|The MS-13 informant's future is looking grim. |
A federal judge replaced the defense attorney representing the Roberto Acosta
-- the MS-13 gang informant who was convicted of lying to his handlers -- and urged attorneys on both sides to consider the likelihood that Acosta will be killed if he is deported to Honduras after his prison sentence.
Judge Charles Breyer also said that Acosta and his family -- who the government had relocated to the United States once Acosta signed on as an informant -- were kicked out the witness protection program after his conviction this summer. Acosta now faces a very uncertain future.
Acosta was scheduled for sentencing in federal court for lying to his handlers
about the number of people he'd killed in his native Honduras while part of the Mara Salvatrucha, or MS-13, gang. As we wrote about in an April cover story
, Acosta had given information about the San Francisco branch of MS-13 to Immigration and Customs Enforcement for six years, including recording gang meetings, until he admitted to federal prosecutors in February that he had murdered five people in Honduras and ordered the death of three more.
According to court documents, Acosta is has been "green-lighted" by his own gang in Honduras for "mishandling" some of the gang's money while he was acting as treasurer. The gang killed his father, brother, and sister, and Acosta fled to the United States.
Being a snitch is a death sentence in the MS-13 gang, and his former homeys are waiting for him to return to his homeland. Breyer said that at the end of Acosta's prison sentence, "the defendant would, in all likelihood, be deported and, in all likelihood, be killed. It doesn't seem like a case where you should be arguing for [the amount of time he'll be in prison], since it's really about the defendant's life."
Breyer postponed the sentencing, citing the fact that neither the U.S. attorney or Acosta's counsel, Elena Condes, had included the probability of his murder in Honduras in their sentencing recommendations. Breyer then replaced Condes with defense attorney Dennis Riordan, who was sitting in the courtroom.
He then said that the government and defense attorneys miscalculated their recommended sentences.

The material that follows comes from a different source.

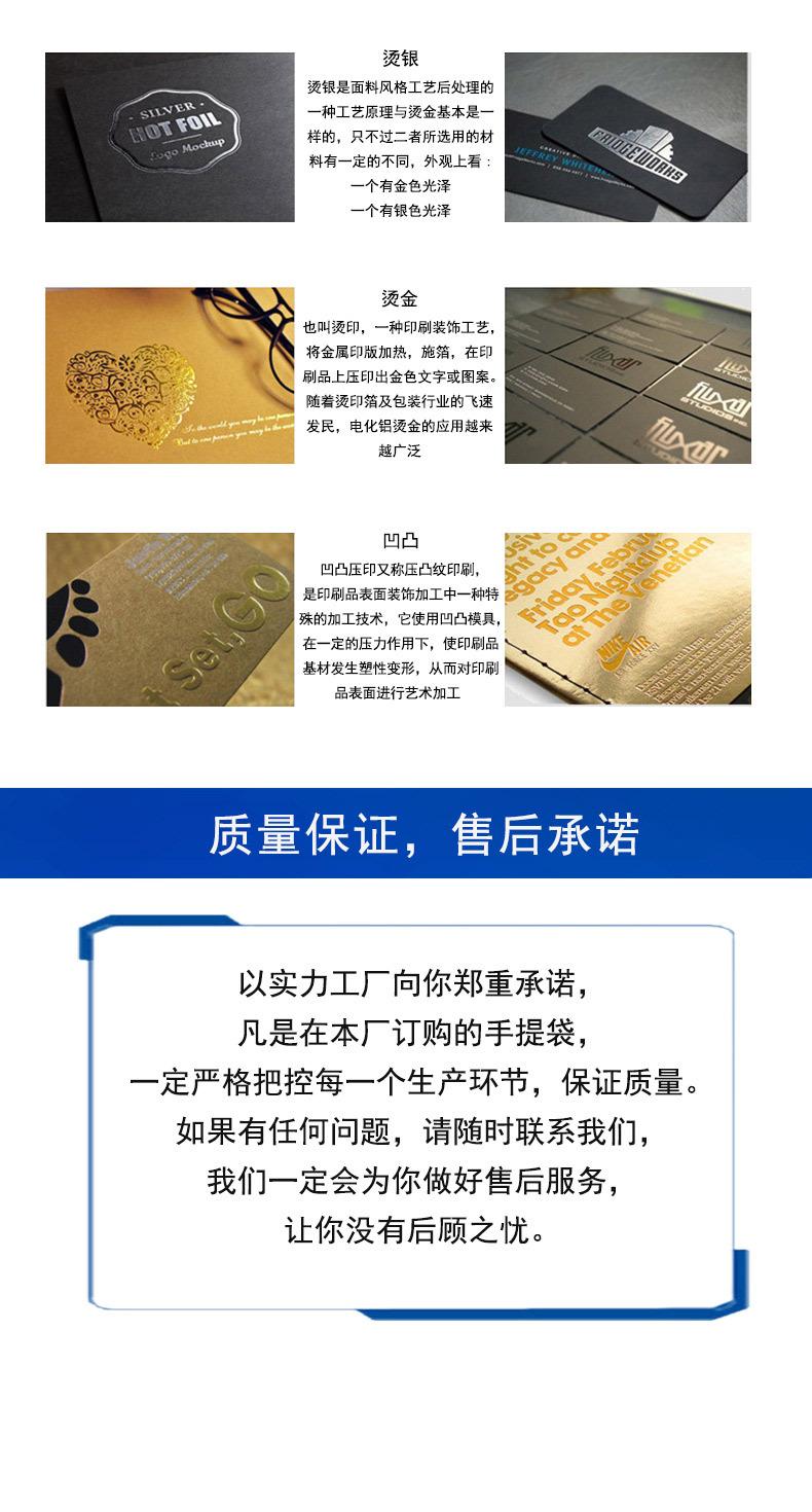 El grosor de las bolsas de papel kraft es de 120 g, 150 g, 200 g y 250 g; el de las cartulinas blancas y el papel estucado es de 200 g, 230 g y 250 g, etc.; y el de las bolsas de papel kraft sin cuerdas es de 90 g y 60 g. El grosor de las cajas de cartón blanco es de 250 g, 300 g, 350 g y 400 g. La impresión incluye monocromía, bicromía y color. El laminado de las cartulinas blancas y el papel estucado incluye película mate y película brillante.

The U.S. Attorney's office had wanted five years, and Condes had argued for Acosta being released from prison immediately.
"If counsel would have bothered to read the guidelines, they'd concur their analysis of the sentence was inadequate," Breyer scolded.
He said there was a question of how Acosta's criminal history in Honduras would play into the sentencing: The self-confessed murders didn't occur in the jurisdiction of the United States, and they never were charged in Honduras. Also, prior criminal acts can only be considered if they are similar to the activity Acosta was convicted of in the current case. In this case, Acosta was convicted for lying to the government, not for killing anyone here.